>>>

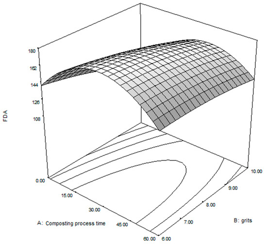 The effect of grits addition and composting process time on FDA hydrolytic activity is represented for the following second-order polynomial function:
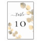 Ein stilvoller weißer Hintergrund mit goldenen, eukalyptus-grünen Sprigs. Personalisieren und Ihre Tischnummern. Schwarze Buchstaben.
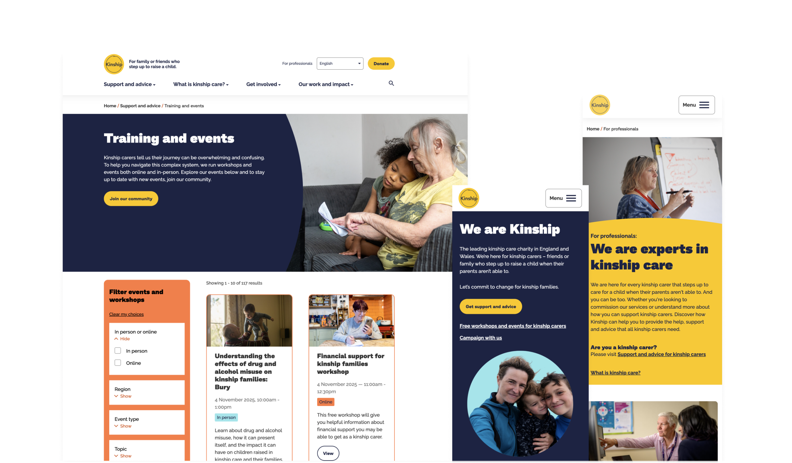 The charity used this opportunity to review and update the Kinship visual identity. We carried out a design update to the components and templates with an updated colour palette, photographic direction, and fonts.
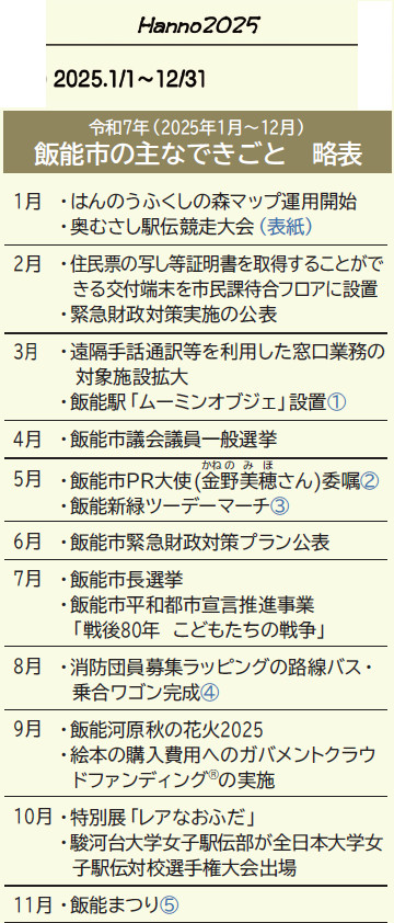 くらし 令和7年(2025年1月〜12月)飯能市の主なできごと 2/38 前の記事 次の記事 発行日 : 2026年01月01日 自治体名 : 埼玉県飯能市 広報紙名 : 広報はんのう 2026年1月1日号 令和8年(2026年)を迎えるにあたり、飯能市の令和7年の主なできごとを略表と写真で振り返ります。 ※写真は本紙またはPDF版をご覧ください。 Tweet シェアする 年頭あいさつ 第24回奥むさし駅伝競走大会を1月25日(日)に開催します
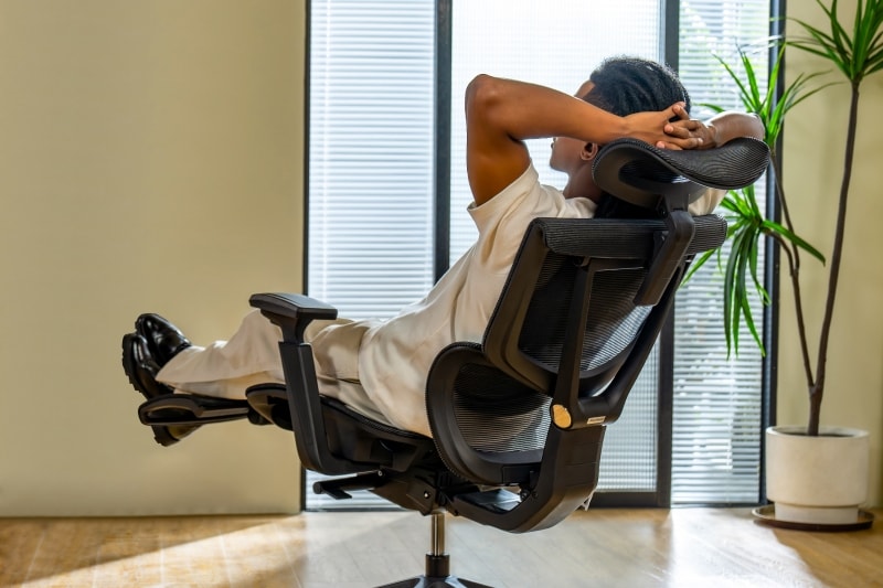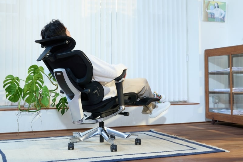 多くのオットマン付きオフィスチェアは、背もたれのリクライニング機能と連動しています。仕事の合間に背もたれを倒し、足を伸ばせば、仮眠や読書、動画鑑賞にもぴったり。また、リクライニング角度が135度以上あるモデルなら、体重を分散して腰や背中への負担を軽減できます。長時間座ることで起こる腰痛対策にも効果的です。「オフィスでも快適に休憩を取りたい」「作業の合間に軽く横になりたい」という方にとって、オットマン付き椅子はまさに理想的な選択です。
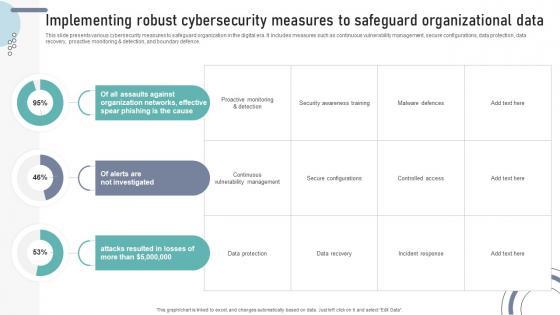 This slide presents various cybersecurity measures to safeguard organization in the digital era. It includes measures such as continuous vulnerability management, secure configurations, data protection, data recovery, proactive monitoring and detection, and boundary defence.Boost your pitch with our creative Implementing Robust Cybersecurity Measures To Safeguard Organizational Data DT SS V. Deliver an awe-inspiring pitch that will mesmerize everyone. Using these presentation templates you will surely catch everyones attention. You can browse the ppts collection on our website. We have researchers who are experts at creating the right content for the templates. So you do not have to invest time in any additional work. Just grab the template now and use them. This slide presents various cybersecurity measures to safeguard organization in the digital era. It includes measures such as continuous vulnerability management, secure configurations, data protection, data recovery, proactive monitoring and detection, and boundary defence.
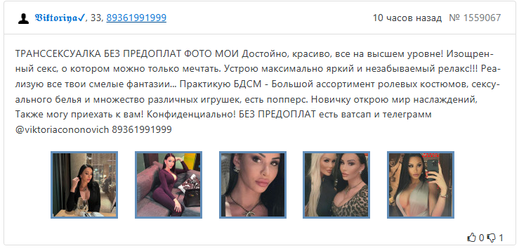 ТРАНССЕКСУАЛКА БЕЗ ПРЕДОПЛАТ ФОТО МОИ Достойно, красиво, все на высшем уровне! Изощренный секс, о котором можно только мечтать. Устрою максимально яркий и незабываемый релакс!!! Реализую все твои смелые фантазии... Новичку открою мир наслаждений, Также могу приехать к вам! Конфиденциально! БЕЗ ПРЕДОПЛАТ есть ватсап и телеграмм @viktoriacononovich 89361991999
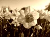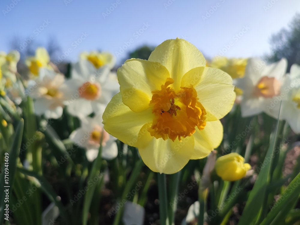 Blooming flower of the narcissus variety Modern Art close-up. Blooming daffodil flower with yellow orange petals in inflorescence on green stem with leaves growing in ground on sunny spring morning
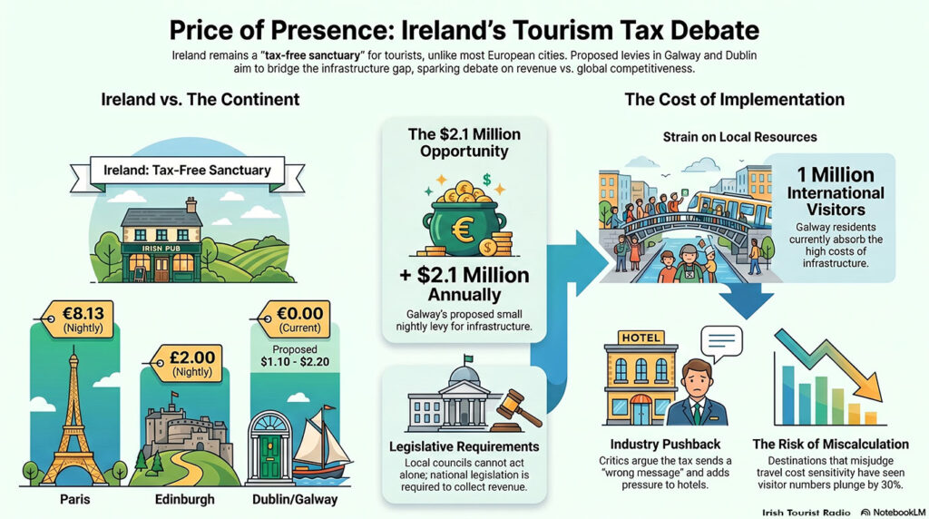 While most European travelers have long grown accustomed to seeing a modest tourism surcharge tacked onto their hotel bills, a quiet, almost invisible acknowledgment that visiting somewhere beautiful isn’t entirely free, Ireland remains a curious holdout, a kind of tax-free sanctuary in a continent increasingly comfortable with the practice.
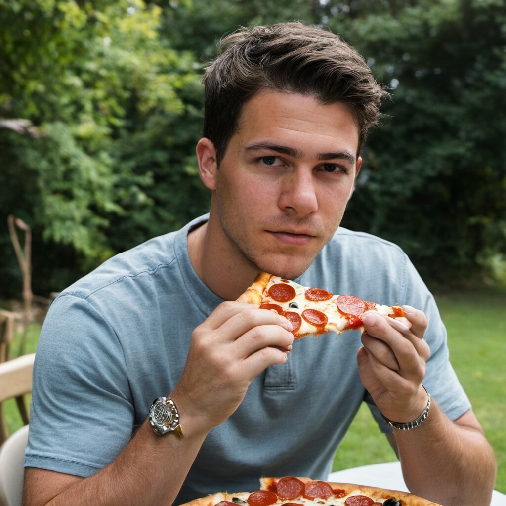 A college-logo sweatshirt might have the institution’s name misspelled—or be written in an unconventional font. A diner could be sitting at a table with their hand inside of a hamburger. A tennis racquet’s strings hang slack. A normally floppy slice of pizza sticks straight out.
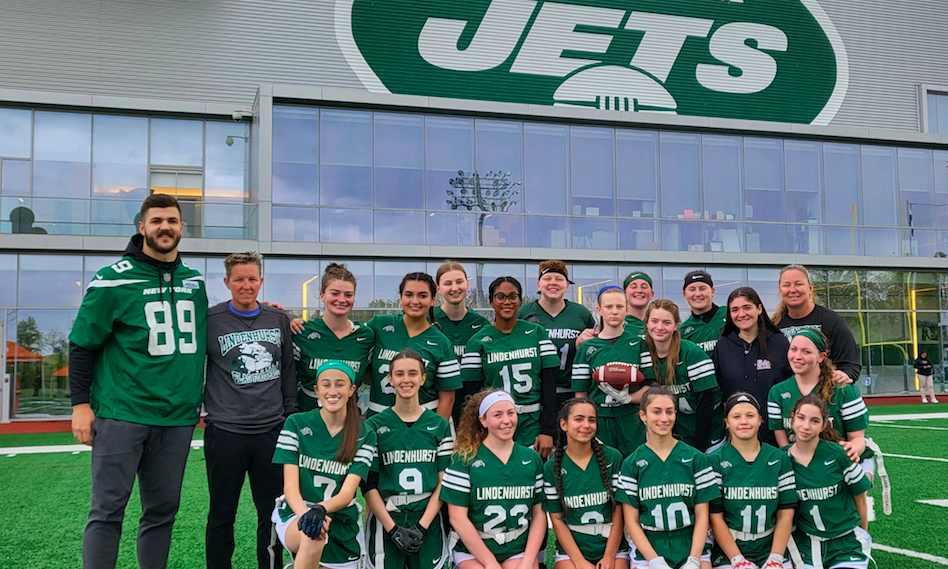 The Lindenhurst girl’s flag football team played Huntington at the New York Jets’ training facility in Florham Park, New Jersey last week.
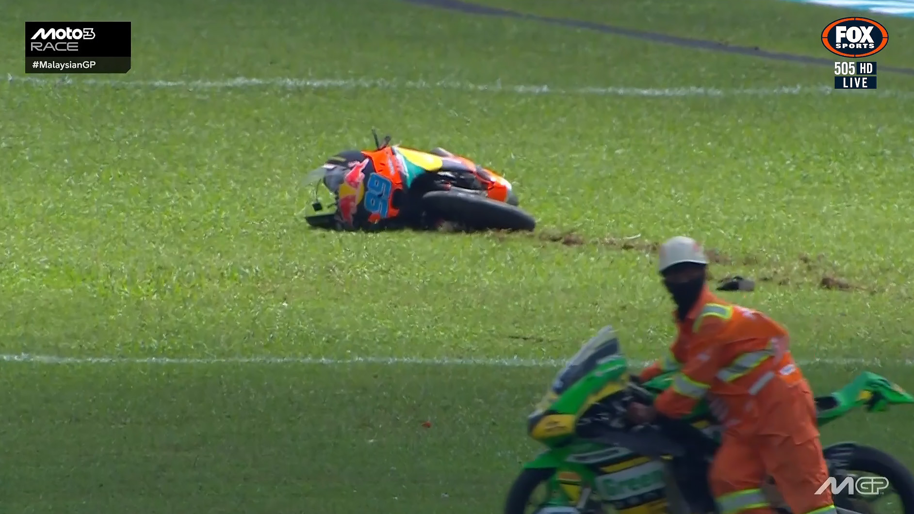 Each riders suffered accidents after a collision on the sighting lap of the Moto3 race at Sepang in Malaysia and had been flown to a close-by hospital.
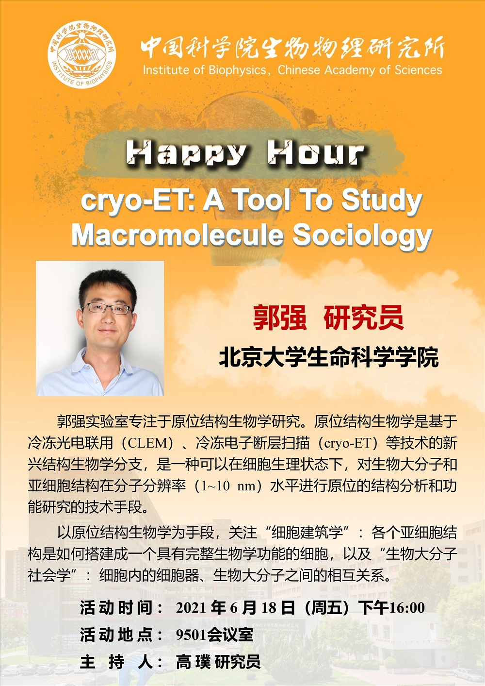 2021年6月18日下午16:00 Happy Hour:cryo-ET: A Tool To Study Macromolecule Sociology
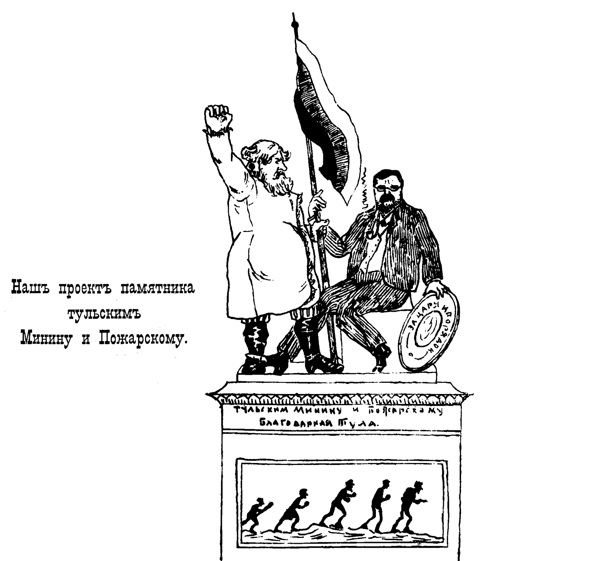 7 molva.press Карикатуры и шаржи Юмор Наш проект памятника тульским Минину и Пожарскому Серия Сатира и юмор из дореволюционных газет 1 год назад «Тульская газета», № 10, 1906 г. Из корреспонденции: „ ... Наибольшей популярностью пользуются в Туле: булочник Иван Парменых Колоколин, которого у нас называют тульским Мининым, и гр. В. А. Бобринский, именуемый князем Пожарским...“ [моё] Краеведение Российская империя Старая газета 1906 Карикатура Сатира Юмор Иллюстрации Гравюра Минин и Пожарский Тула Ещё 0

<<<

* **WHAT YOU ARE ASKED TO DO**: Your task is to return the entries above exactly, with no pictures.

* **RESPONSE BOX**:
 The effect of grits addition and composting process time on FDA hydrolytic activity is represented for the following second-order polynomial function:
 Ein stilvoller weißer Hintergrund mit goldenen, eukalyptus-grünen Sprigs. Personalisieren und Ihre Tischnummern. Schwarze Buchstaben.
 The charity used this opportunity to review and update the Kinship visual identity. We carried out a design update to the components and templates with an updated colour palette, photographic direction, and fonts.
 くらし 令和7年(2025年1月〜12月)飯能市の主なできごと 2/38 前の記事 次の記事 発行日 : 2026年01月01日 自治体名 : 埼玉県飯能市 広報紙名 : 広報はんのう 2026年1月1日号 令和8年(2026年)を迎えるにあたり、飯能市の令和7年の主なできごとを略表と写真で振り返ります。 ※写真は本紙またはPDF版をご覧ください。 Tweet シェアする 年頭あいさつ 第24回奥むさし駅伝競走大会を1月25日(日)に開催します
 多くのオットマン付きオフィスチェアは、背もたれのリクライニング機能と連動しています。仕事の合間に背もたれを倒し、足を伸ばせば、仮眠や読書、動画鑑賞にもぴったり。また、リクライニング角度が135度以上あるモデルなら、体重を分散して腰や背中への負担を軽減できます。長時間座ることで起こる腰痛対策にも効果的です。「オフィスでも快適に休憩を取りたい」「作業の合間に軽く横になりたい」という方にとって、オットマン付き椅子はまさに理想的な選択です。
 This slide presents various cybersecurity measures to safeguard organization in the digital era. It includes measures such as continuous vulnerability management, secure configurations, data protection, data recovery, proactive monitoring and detection, and boundary defence.Boost your pitch with our creative Implementing Robust Cybersecurity Measures To Safeguard Organizational Data DT SS V. Deliver an awe-inspiring pitch that will mesmerize everyone. Using these presentation templates you will surely catch everyones attention. You can browse the ppts collection on our website. We have researchers who are experts at creating the right content for the templates. So you do not have to invest time in any additional work. Just grab the template now and use them. This slide presents various cybersecurity measures to safeguard organization in the digital era. It includes measures such as continuous vulnerability management, secure configurations, data protection, data recovery, proactive monitoring and detection, and boundary defence.
 ТРАНССЕКСУАЛКА БЕЗ ПРЕДОПЛАТ ФОТО МОИ Достойно, красиво, все на высшем уровне! Изощренный секс, о котором можно только мечтать. Устрою максимально яркий и незабываемый релакс!!! Реализую все твои смелые фантазии... Новичку открою мир наслаждений, Также могу приехать к вам! Конфиденциально! БЕЗ ПРЕДОПЛАТ есть ватсап и телеграмм @viktoriacononovich 89361991999
 Blooming flower of the narcissus variety Modern Art close-up. Blooming daffodil flower with yellow orange petals in inflorescence on green stem with leaves growing in ground on sunny spring morning
 While most European travelers have long grown accustomed to seeing a modest tourism surcharge tacked onto their hotel bills, a quiet, almost invisible acknowledgment that visiting somewhere beautiful isn’t entirely free, Ireland remains a curious holdout, a kind of tax-free sanctuary in a continent increasingly comfortable with the practice.
 A college-logo sweatshirt might have the institution’s name misspelled—or be written in an unconventional font. A diner could be sitting at a table with their hand inside of a hamburger. A tennis racquet’s strings hang slack. A normally floppy slice of pizza sticks straight out.
 The Lindenhurst girl’s flag football team played Huntington at the New York Jets’ training facility in Florham Park, New Jersey last week.
 Each riders suffered accidents after a collision on the sighting lap of the Moto3 race at Sepang in Malaysia and had been flown to a close-by hospital.
 2021年6月18日下午16:00 Happy Hour:cryo-ET: A Tool To Study Macromolecule Sociology
 7 molva.press Карикатуры и шаржи Юмор Наш проект памятника тульским Минину и Пожарскому Серия Сатира и юмор из дореволюционных газет 1 год назад «Тульская газета», № 10, 1906 г. Из корреспонденции: „ ... Наибольшей популярностью пользуются в Туле: булочник Иван Парменых Колоколин, которого у нас называют тульским Мининым, и гр. В. А. Бобринский, именуемый князем Пожарским...“ [моё] Краеведение Российская империя Старая газета 1906 Карикатура Сатира Юмор Иллюстрации Гравюра Минин и Пожарский Тула Ещё 0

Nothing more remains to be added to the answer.